According to the present embodiment, the 1 st concave portion 24a and the 3 rd concave portion 24c are arranged in point symmetry with respect to the 2 nd concave portion 24b as a center when viewed from the radially outer side. Therefore, the circumferential centers of the magnetic flux density distributions of the 1 st, 2 nd and 3 rd portions 27a, 27b and 27c are easily shifted at equal intervals in the circumferential direction. This can reduce the cogging torque CTta more appropriately. The shape of the 1 st portion 27a and the shape of the 3 rd portion 27c are easily taken as symmetrical shapes in the axial direction. Therefore, when the rotor core 22 is manufactured by laminating electromagnetic steel sheets, the 1 st portion 27a and the 3 rd portion 27c can be formed by using the same-shaped electromagnetic steel sheets by turning them in the axial direction. Therefore, the cost of manufacturing rotor core 22 can be reduced.

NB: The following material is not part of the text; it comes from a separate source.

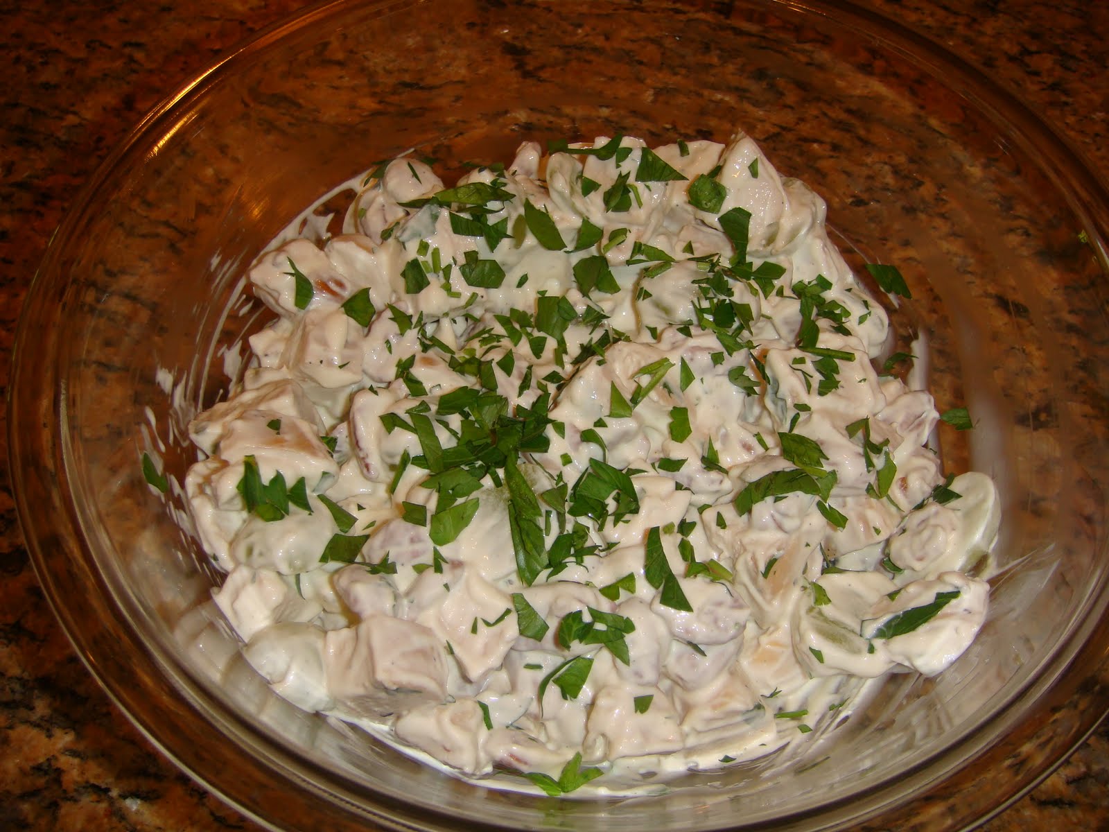 I love this chicken salad. It's my version of Ina Garten's (The Barefoot Contessa) Chicken Salad Contessa. It is great for sandwiches, wraps, on crackers or a sliced baguette. I wish it photographed better, because this picture really doesn't do it justice!

According to the present embodiment, the circumferential dimension of the 2 nd recess 24b is larger than the circumferential dimension of the 1 st recess 24a and the circumferential dimension of the 3 rd recess 24c. Therefore, the portions on both sides in the circumferential direction of the 2 nd concave portion 24b can be arranged farther apart in the circumferential direction at the planar portion 22a of the 2 nd portion 27b. Thus, the magnetic flux density distribution in the portion on the circumferential side of the 1 st concave portion 24a is easily made closer to the circumferential side by the magnetic flux passing through the portion on the circumferential side of the 2 nd concave portion 24b. The magnetic flux density distribution of the portion on the other circumferential side of the 3 rd concave portion 24c is easily made closer to the other circumferential side by the magnetic flux passing through the portion on the other circumferential side of the 2 nd concave portion 24b. Thus, the circumferential centers of the magnetic flux density distribution can be shifted more appropriately in the circumferential direction in the 1 st portion 27a and the 3 rd portion 27c. Therefore, the cogging torque CTta of the rotor 20 as a whole can be further reduced.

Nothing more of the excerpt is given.